What in hell had I got myself into?”

“Is that it?”

“Not quite. I was tailed coming home.”

I pushed away from him, my eyes wide.

“Then I need to leave, Vlad. Right now. I don’t want you...”

His arms pulled me in again, squashed my protest with a strong bear hug.

“Just one car, Taffy, very easy to spot. I think it was a rookie or something, just making sure I went home like a good boy. If nobody saw you come in here, then I think I’m OK.”

Vlad’s strong arms around me right then were precisely the what this big, strong, tough, independent girl needed. I whispered into his shoulder.

“What’s going on, Vlad?”

His squeezed me for a moment.

“I dunno, Boss, but it looks like you seriously annoyed somebody.”

I thought about it.

“Two somebodies, I think.”

He was silent for a moment.

“Right. That makes sense. Why would somebody put both a warrant and a hit out on you at the same time?”

“Hold on!” I said. “You said Homicide?”

“Yeah.”

“Why Homicide? For kidnapping and… those other things?”

“Damfino that either, Taffy, but that’s what they said.”

It didn’t make sense, but for right now I could hug Vlad, lean into him, take comfort in his male scent, feel assured by his presence. I found I could work with that. He spoke gently from above my ear.

“For now, Taffy, you’re safe here.”

That tender, comforting remark almost launched me into a full-scale meltdown, something I hadn’t had since being dumped by a trash boyfriend at the age of 14. I tried to breath, found I couldn’t, gagged, gulped air,, pulled myself together. Vlad, bless him, continued to provide that traditional strong male shoulder, soft murmurs, gentle pats on the shoulder and back.

The moment passed, leaving me shaken, drained, embarrassed and worried sick about my tough-girl image.
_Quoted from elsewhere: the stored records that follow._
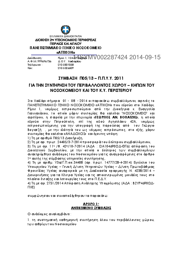8. ΣΥΜΒΑΣΗ Π05/13 - ΣΥΝΤΗΡΗΣΗ ΠΕΡΙΒΑΛΛΟΝΤΟΣ ΧΩΡΟΥ - ΚΗΠΩΝ ΤΟΥ ΝΟΣΟΚΟΜΕΙΟΥ & Κ.Υ. ΠΕΡΙΣΤΕΡΙΟΥ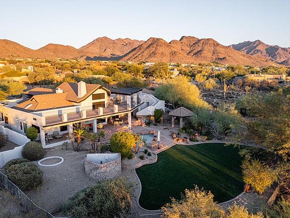 Postcard worthy panoramic views in the heart of North Scottsdale, picture perfectly situated on an acre lot backing to natural desert open space. Charming arrival with circle drive and courtyard entry, this remodeled modern estate is desirably designed with split bedroom layout with oversized secondary bedroom that could serve as a second primary suite, plus a separate guest house on property. Chic 24''x48'' hand laid 'concrete look' tile flooring and current lighting, sets the stage for this transitional contemporary, with soaring beamed living entry that overlooks the expansive resort style backyard and Sonoran backdrop. Gourmet eat-in kitchen with Thermador oversized gas cooktop, built-in wall oven/microwave, and wine fridge, designer Monte Blanc onyx and Labordorite countertops and sleek cabinets. Generous 500 detached private entry guest house with living, kitchen, bedroom, bath and large closet with private patio and access to back yard amenities. Spa like owner's suite with sitting area, fireplace, steam shower and jacuzzi bath. Serene south facing outdoor living for reserved living with expansive viewing deck with sweeping 360-degree views of multiple mountain ranges and stunning city lights, full length covered patio, heated pool with waterfall, ramada with built in BBQ, abundant artificial turfed area for large parties or play. Feel removed from the city yet conveniently minutes from the 101 hwy, shopping, restaurants, hiking, golf and more. Arizona Sonoran living at its finest.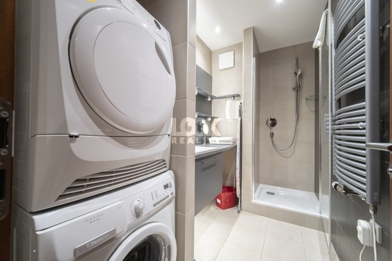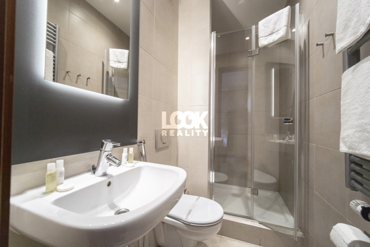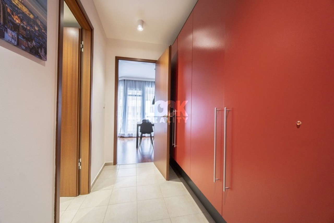 Luxury apartment in a quiet part of Prague, close to the city center. We offer for rent a luxurious 2+kk apartment with an area of 54.9 m2, located on the 3rd floor of a new building with an elevator on Horská Street. The apartment is rented fully furnished and consists of a spacious living room with a modern and fully equipped kitchenette (stovetop, electric oven, dishwasher, microwave), a beautiful bedroom with a double bed and plenty of storage space. The apartment also has a bathroom with a shower, toilet, and hallway with large built-in wardrobes. There is a reception desk in the building. It is possible to rent a garage with the apartment. The apartment is located in a beautiful area, in Albertov, not far from the city center. The Botanical Garden and many historical monuments and places of interest are within walking distance. Vyšehrad is ideal for walking or running with beautiful views of Prague. The popular Náplavka is a few minutes' walk away - a perfect place to relax, visit markets, or sit by the river. There are many shops, cafes, and restaurants in the area. Excellent transport accessibility. The Albertov tram stop (trams 14, 18, and 24) is only a 3-minute walk away. You can reach metro B (Karlovo namesti) in two tram stops. Luxury living in an attractive location, highly recommended. The rental period is 6 months or more. It is also possible to rent for a shorter period, for a minimum of 3 months, but the rental price will be different. Please contact the broker to verify the price. Illustrative photo. There are currently several units of the same standard available. The floor plan corresponds to the layout of the apartment. Available from October 16, 2025.

I guess I hadn’t realized how taut I’d been wound.

Yes, OK, bravery isn’t the same thing as not being afraid. I know that. Once, in an earlier incarnation, I ran into a burning airplane and didn’t think much of it until things had settled down, then got hit by shakes measured on the Richter Scale. But, safe now, it was clear I’d been burning pure adrenaline for too long. I leaned further into Vlad’s arms, felt his arms around me, one around my waist, the other sweeping slowly up and down my back.

His comforting hand briefly touched my bum. Barely. I don’t think he meant anything by it, but it was enough.

It wasn’t love. It wasn’t even lust, for it was Vlad I needed and no other man would have done. It was, I guess, an instinctive, overwhelming need to prove to myself that I was still alive, still functioning.

My hands grabbed his head, pulled it down to mine. I ground my lips into his, my tongue diving for his soul, seeking my own.

Vlad pulled back for just a second in surprise, then realized I was serious and responded immediately. His hands flowed over me, caressing and fondling me.

I was almost frantic, hissing with a raw, physical need I’d never imagined.

“God, Vlad,” I groaned. “Do it. Do it now! Don’t make me wait!”

His hands seized the neckline of my faded hoody, tensed, then the worn fabric tore top to bottom like tissue paper. My own hands started tearing at the buttons on his shirt, pulling it down off his shoulders and arms and I felt his hands magically release the too-small bra and I could breathe but found I didn’t want to as they swept over my bare skin, leaving fiery trails behind them.